Richten Energy proposes combining battery energy storage systems, or BESS, with energy management systems, or EMS, to create a backup architecture that is visible, dispatchable and testable. Resilience should be measured by specific indicators, such as backup duration for critical loads, switching time for island operation, and the effectiveness of peak shaving and valley filling.
The company said these indicators can turn resilience into a result that can be tested and accepted, rather than a slogan.

Image caption: Richten Energy’s proposed national grid-resilience framework shows how buildings can be upgraded into distributed, testable and verifiable power nodes. Facing volatility in global energy markets and supply-chain risks, camouflage-style solar PV façades, combined with energy storage and smart energy management systems, can help maintain critical-load operation when the main grid is disrupted, creating a second line of energy defense for cities and critical infrastructure.
Managing Carbon Reduction and Backup Power on One Dashboard
As building owners, public-sector buyers and investors increasingly demand systems that are measurable, comparable and auditable, Richten Energy recommends a four-step implementation framework.
First, buildings should establish an energy baseline, including EUI data, a list of critical loads and backup-power scenarios.
Second, project teams should design and integrate colored solar PV or camouflage-style solar PV façade layouts, together with the required energy storage capacity and EMS strategy.
Third, system performance should be verified through peak shaving, valley filling, demand management and island-operation drills, allowing resilience-related KPIs to be tested in practice.
Fourth, carbon accounting and disclosure should be conducted using internationally recognized principles, including Scope 2 emissions from purchased electricity.

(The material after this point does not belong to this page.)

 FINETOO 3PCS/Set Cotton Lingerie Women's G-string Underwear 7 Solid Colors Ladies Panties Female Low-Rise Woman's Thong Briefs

Carbon-reduction results and resilience results should then be included in the same management report, making it easier for policymakers, public agencies and capital markets to evaluate performance.

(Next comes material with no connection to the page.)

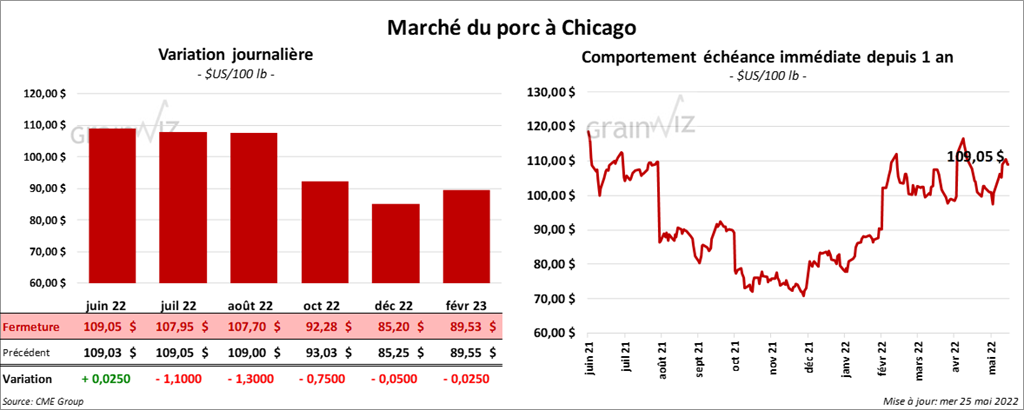 Les contrats de porc US aux échéances les plus rapprochées ont fermé en baisse entre 1,10 et 1,30 $. Celui juin 22 a fait exception en finissant en hausse de 2 cents.

Public-Private Collaboration Can Turn Demonstrations Into National Capability
“Energy security and the net-zero transition are essentially the same issue,” said Richten Energy Chief Executive Officer Hsueh Wei-li. “Both are about reducing uncontrollable risks and increasing controllable capabilities.”

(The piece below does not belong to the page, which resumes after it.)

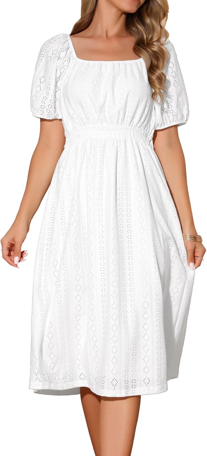 Seta T Women's Summer Eyelet Dresses Square Neck Short Sleeve Casual A Line Midi Dress

Hsueh said Taiwan needs to move resilience closer to buildings and operating sites as geopolitical conflict drives volatility in prices and supply chains.
“We look forward to working with central and local governments, as well as critical infrastructure operators, to launch demonstration projects,” he said. “By integrating colored solar PV, camouflage-style solar PV, energy storage and smart energy management into verifiable and replicable resilient-building solutions, we can make power supply for everyday life and critical missions more stable and secure.”
Richten Energy Seeks Demonstration Sites for Resilient-Building Projects
Richten Energy is now inviting public- and private-sector partners to join resilient-building demonstration projects, with priority given to three types of sites.
The first is public buildings, such as administrative centers, schools and sports arenas, where colored solar PV façades can be demonstrated.
The second is critical infrastructure, where energy storage and EMS can be used to test resilient backup power.
The third is private-sector sites that require low-visibility exterior design for security or appearance reasons, where camouflage-style solar PV and resilient power architecture can be introduced.
Richten Energy Co., Ltd. focuses on building-integrated solar PV applications and net-zero building energy integration. Through colored solar PV, camouflage-style solar PV, energy storage and smart energy management, the company aims to help sites achieve practical solutions that balance aesthetics, carbon reduction and resilience.